How to complete this task |
Leaving the pictures aside, transcribe the data below exactly.

BEGIN Provided material

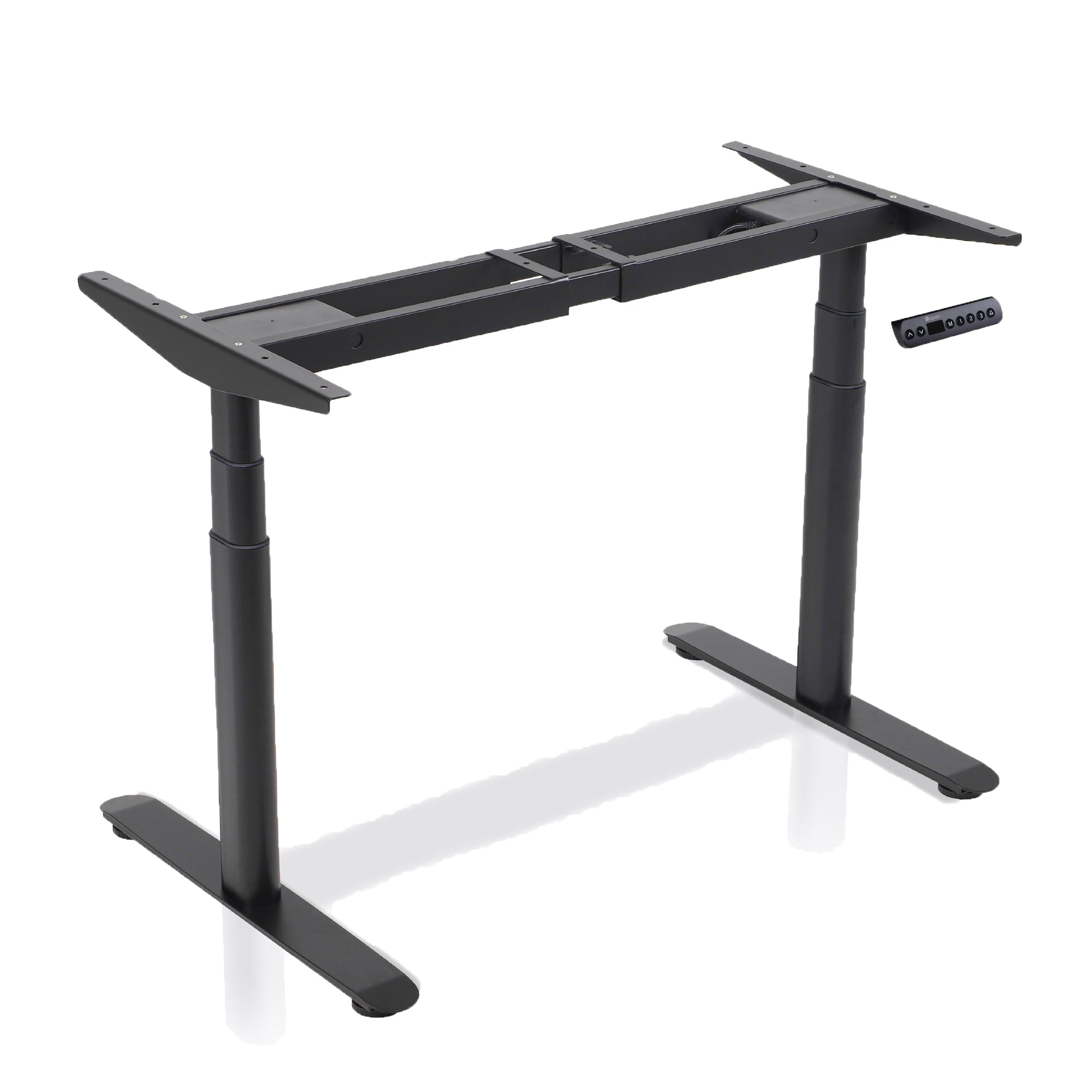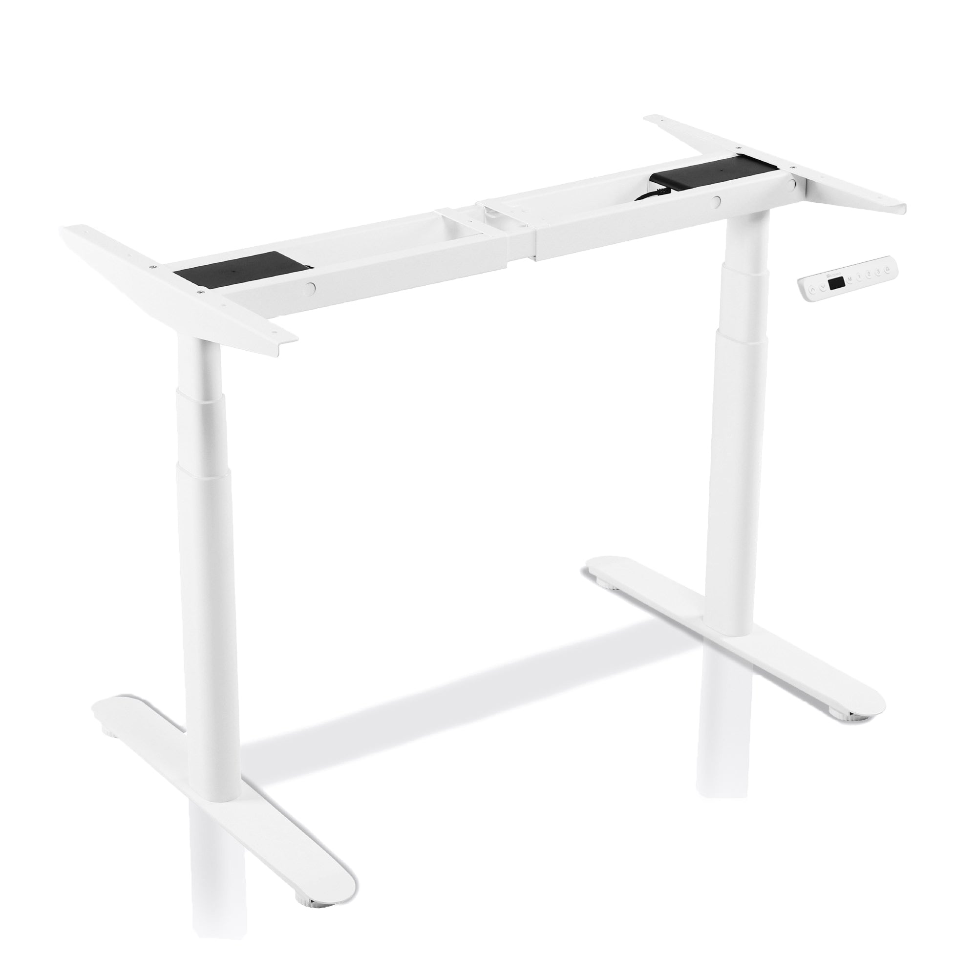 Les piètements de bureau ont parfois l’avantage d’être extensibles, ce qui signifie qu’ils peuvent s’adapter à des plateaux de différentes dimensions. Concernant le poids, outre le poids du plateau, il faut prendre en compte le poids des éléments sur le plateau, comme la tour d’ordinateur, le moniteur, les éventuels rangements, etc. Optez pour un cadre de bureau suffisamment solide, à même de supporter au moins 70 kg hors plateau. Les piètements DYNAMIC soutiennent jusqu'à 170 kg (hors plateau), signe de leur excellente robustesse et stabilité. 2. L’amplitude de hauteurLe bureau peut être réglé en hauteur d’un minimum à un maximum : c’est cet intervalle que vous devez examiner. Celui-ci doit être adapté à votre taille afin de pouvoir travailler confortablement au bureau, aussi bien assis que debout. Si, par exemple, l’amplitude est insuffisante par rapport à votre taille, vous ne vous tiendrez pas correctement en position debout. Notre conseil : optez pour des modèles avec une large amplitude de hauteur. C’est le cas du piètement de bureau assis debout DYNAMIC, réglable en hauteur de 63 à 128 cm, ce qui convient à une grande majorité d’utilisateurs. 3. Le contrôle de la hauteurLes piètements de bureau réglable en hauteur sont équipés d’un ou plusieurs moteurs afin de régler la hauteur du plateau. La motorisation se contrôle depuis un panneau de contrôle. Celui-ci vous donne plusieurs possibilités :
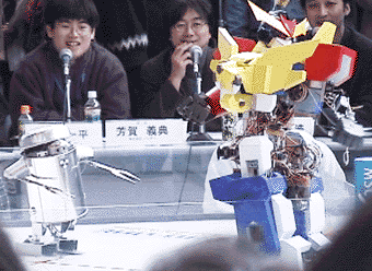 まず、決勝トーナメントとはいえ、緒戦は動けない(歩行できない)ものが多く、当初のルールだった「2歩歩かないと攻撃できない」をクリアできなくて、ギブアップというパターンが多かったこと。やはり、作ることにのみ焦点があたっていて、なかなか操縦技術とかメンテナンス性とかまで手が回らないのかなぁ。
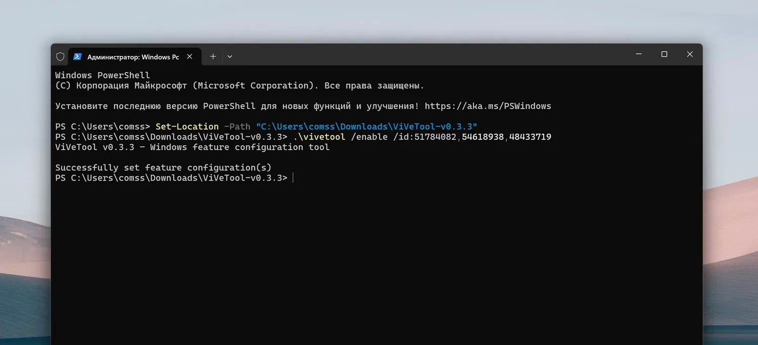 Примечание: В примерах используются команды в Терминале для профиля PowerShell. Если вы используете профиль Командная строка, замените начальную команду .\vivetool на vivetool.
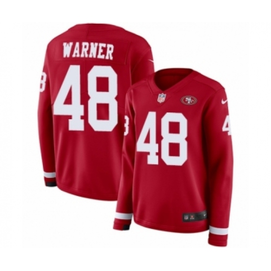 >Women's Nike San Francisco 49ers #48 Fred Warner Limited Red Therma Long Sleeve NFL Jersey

END Provided material

Task output |
 Les piètements de bureau ont parfois l’avantage d’être extensibles, ce qui signifie qu’ils peuvent s’adapter à des plateaux de différentes dimensions. Concernant le poids, outre le poids du plateau, il faut prendre en compte le poids des éléments sur le plateau, comme la tour d’ordinateur, le moniteur, les éventuels rangements, etc. Optez pour un cadre de bureau suffisamment solide, à même de supporter au moins 70 kg hors plateau. Les piètements DYNAMIC soutiennent jusqu'à 170 kg (hors plateau), signe de leur excellente robustesse et stabilité. 2. L’amplitude de hauteurLe bureau peut être réglé en hauteur d’un minimum à un maximum : c’est cet intervalle que vous devez examiner. Celui-ci doit être adapté à votre taille afin de pouvoir travailler confortablement au bureau, aussi bien assis que debout. Si, par exemple, l’amplitude est insuffisante par rapport à votre taille, vous ne vous tiendrez pas correctement en position debout. Notre conseil : optez pour des modèles avec une large amplitude de hauteur. C’est le cas du piètement de bureau assis debout DYNAMIC, réglable en hauteur de 63 à 128 cm, ce qui convient à une grande majorité d’utilisateurs. 3. Le contrôle de la hauteurLes piètements de bureau réglable en hauteur sont équipés d’un ou plusieurs moteurs afin de régler la hauteur du plateau. La motorisation se contrôle depuis un panneau de contrôle. Celui-ci vous donne plusieurs possibilités :
 まず、決勝トーナメントとはいえ、緒戦は動けない(歩行できない)ものが多く、当初のルールだった「2歩歩かないと攻撃できない」をクリアできなくて、ギブアップというパターンが多かったこと。やはり、作ることにのみ焦点があたっていて、なかなか操縦技術とかメンテナンス性とかまで手が回らないのかなぁ。
 Примечание: В примерах используются команды в Терминале для профиля PowerShell. Если вы используете профиль Командная строка, замените начальную команду .\vivetool на vivetool.
 >Women's Nike San Francisco 49ers #48 Fred Warner Limited Red Therma Long Sleeve NFL Jersey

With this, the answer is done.